The launch window will open on November 24, 2021. The goal of the DART mission is to strike a small asteroid and minutely change its orbit. In recent decades, it’s become clear that asteroids do have the potential to strike Earth and cause damage. The DART mission is a test run for when Earth is faced with an incoming asteroid that’s threatening our planet. DART will arrive at its target asteroid in late 2022 with a impact, becoming the first Earth mission in our history to deflect an asteroid.
DART’s target asteroid is a moonlet of a larger asteroid. The large asteroid is Didymos, 2,500 feet (780 m) in diameter. Its companion, Didymos B (or, sometimes, Dimorphos) is 525 feet (160 m) in diameter. That’s more typical of the size asteroid that might unexpectedly threaten Earth, these astronomers said. That’s because the larger asteroids are easier to see, and their orbits are better known.

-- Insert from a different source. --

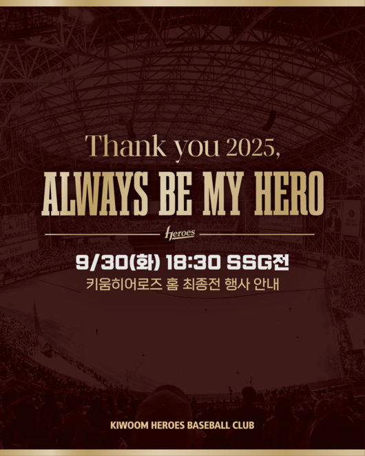 프로야구 키움 히어로즈는 오는 30일 오후 6시 30분 서울 고척스카이돔에서 열리는 SSG 랜더스와 경기에 앞서 2025시즌 홈 최종전 행사 ‘THANK YOU 2025, ALWAYS BE MY HERO’를 진행한다.

Didymos is itself classified as a Potentially Hazardous Asteroid (PHA). By definition, such asteroids have a minimum orbit intersection distance of 0.05 AU (Earth-sun units of distance) or less and an absolute magnitude of +22 or less. In other words, all asteroids that can’t get any closer to the Earth than 0.05 Earth-sun distances – roughly 4,650,000 miles (7,480,000 km) – or are smaller than about 500 feet (140 m) in diameter are not considered PHAs.